— А я и не отказываюсь, — передернул Варлаамов плечом. — Может быть, это я и писал. И думайте, что хотите. Поскольку, если честно говорить, мне на ваше мнение наплевать. А милиция, похоже, не приедет. Зря дожидаетесь с таким нетерпением. И никого, к сожалению, сегодня не посадят.
— Почему это?
Они развернулись к нему все и теперь застыли, разглядывая его кто с надеждой, кто с недоверием.
— Я так думаю, — ответил он, совершенно спокойно поднимаясь и надевая пиджак. — Поэтому я уж лучше пойду домой. Надо будет — вызовут повесткой… Там вот и будем «колоться», кто чего писал.
— Подождите, подождите, с чего это у вас, Илья, такое убеждение?
Грязнер не сводил с него глаз, полных немого возмущения. Ах, ну как же! Все так покорно сидят и ждут, а этот собирается уйти!
— Это не убеждение, — усмехнулся Варлаамов. — Впрочем, вы можете продолжать сидеть тут до «пришествия» милиции. Я лучше побуду это время дома…
В принципе я была ему даже благодарна. Больше всего мне надоело торчать на этой весьма ненадежной ветке яблони и мерзнуть. Тем более что, вопреки надеждам Ларчика, никто и не собирался так запросто раскалываться.
— Так что я пошел, чего и вам желаю.
Он вышел, насвистывая, и остановился прямо под моим деревцем.
Я замерла.
Он поднял голову и пробормотал, ни к кому не обращаясь:
— Вот так вот, девочка моя! Теперь ты и сама видишь, какой тут гадюшник!
И, небрежно взмахнув рукой, отправился дальше.
«Интересненько, — подумала я. — Кого это он имел в виду? Меня или Таню? Черт его разберет, этого Варлаамова!»
Глава 8 День больших открытий
— Саша!
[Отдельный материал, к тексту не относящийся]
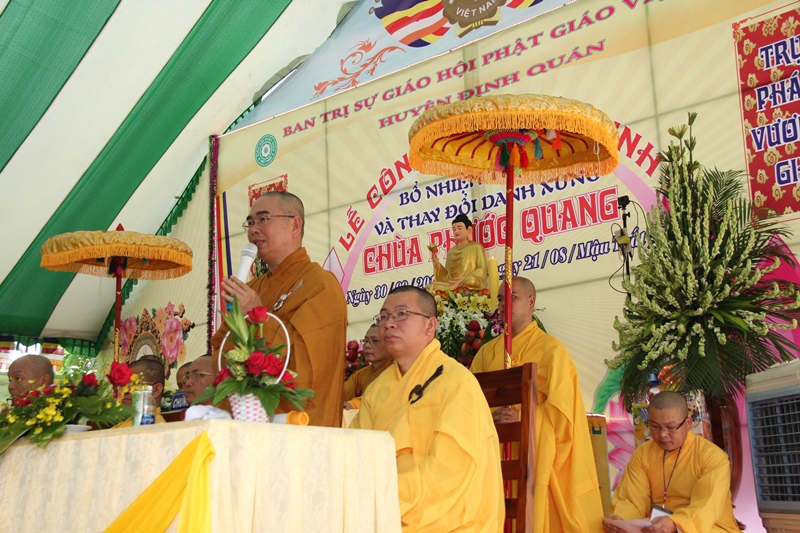 Quang lâm chứng minh và tham dự lễ có HT Thích Liêm Chính – UV Ban Hoằng Pháp GHPGVN, Phó Ban Trị sự, Trưởng ban Hoằng pháp GHPGVN T. Đồng Nai: TT Thích Chơn Trí – Phó BTS, Trưởng ban Pháp chế GHPGVN Tỉnh; HT Thích Tịnh Hải – Trụ trì Thiền viện Thái Hư T. Bà Rịa Vũng Tàu; ĐĐ Thích Quảng Hiền Phó BTS GHPGVN T. Đắc Nông: TT Thích Đồng Ngạn – Trưởng BTS GHPGVN H. Định Quán, Trưởng BTC Lễ: ĐĐ Thích Thiện Trí, Phó Thư ký BTS GHPGVN Tỉnh; TT Thích Nhựt Nhã – Cố vấn BTS GHPGVN H. Thống Nhất cùng Chư tôn đức Tăng, Ni các tự viện trong và ngoài Huyện.
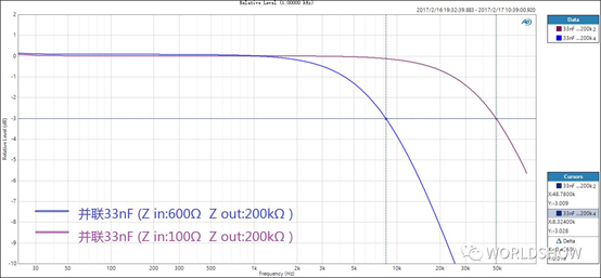 Zin=200 kΩ,Zout=100Ω與600Ω的對(duì)比。
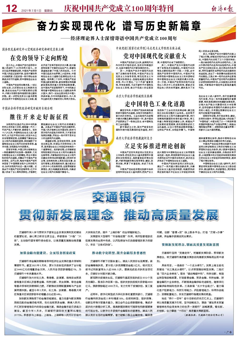 奋力实现现代化 谱写历史新篇章 ——经济理论界人士深情寄语中国共产党成立100周年 2021年07月01日
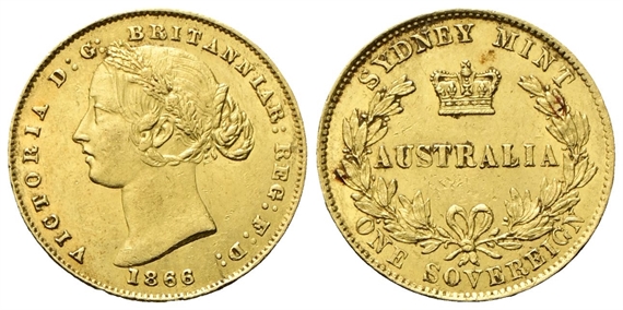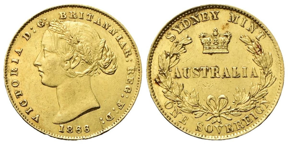 Regina Vittoria, 1837-1901. Sterlina 1866, zecca di Sydney.
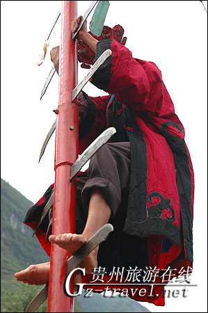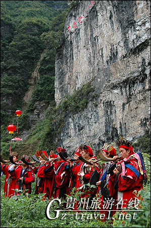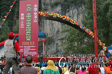 在开幕式上,梵净山神秘的傩技表演精彩绝伦:仙人合竹、口吃瓷碗、口含红铁、定鸡、上刀梯等节目蠃得了阵阵热烈的掌声,让现场的嘉宾及观众见识了土家傩文化的原始和神奇!参加傩技表演者的法师个个都身怀绝技,曾多次赴香港、日本、马来西亚等国家演出。
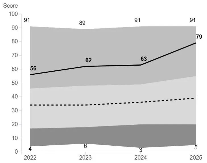 此次评估中,新奥能源在气候管治策略、人力资源管理、职业健康安全、公司管治、产品管理等领域的多项细分指标中获得提升。公司评分不仅较去年实现大幅提升,更远高于全球同业平均分,彰显了新奥能源在可持续发展管理实践方面的卓越成就。
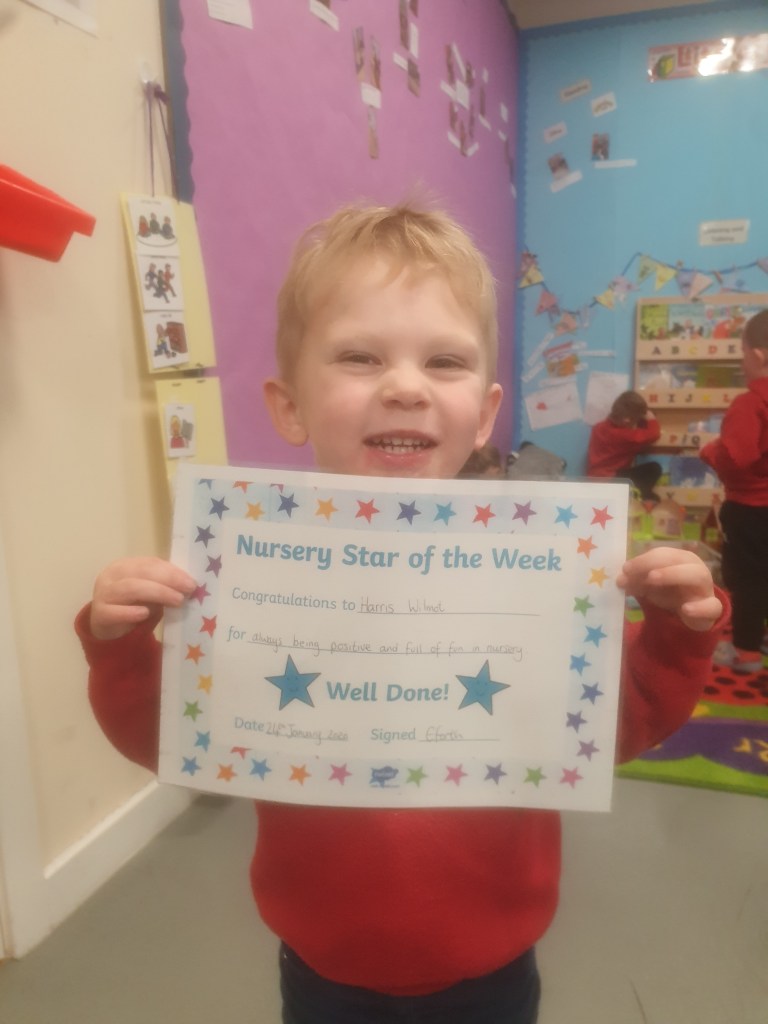 Our first star of the week is Harris Wilmot for always being positive and full of fun in nursery.

Просыпайся…
Я еще носилась по ночному саду, прижимая к себе отвратительную куклу, и почему-то мне казалось, что все это происходит на самом деле, но оказывается, все это происходило во сне. Может быть, и вчерашний светский раут тоже был во сне, с надеждой подумала я, открывая глаза.
Мама стояла передо мной, из плоти и крови, не призрак какой-то зловредный. На столике лежал том Вийона, а из кухонного приемника неслась «нетленка» про Любочку в синенькой юбочке.
— Сейчас, — потянулась я.
— Ты опаздываешь, — строго сказала мама.
— Ну и что теперь? — поинтересовалась я. — Я каждый день опаздываю с работы, можно один денечек опоздать на работу…
— Тоже мне, работа, — презрительно фыркнула мама. — Весь день торчала в салоне, потом поздно вечером явилась домой, пропахшая дорогими духами и вином, ничего не сказала, только сообщила, что надо бы над всем подумать, плюхнулась в кровать и тут же глубоко «задумалась» на всю ночь!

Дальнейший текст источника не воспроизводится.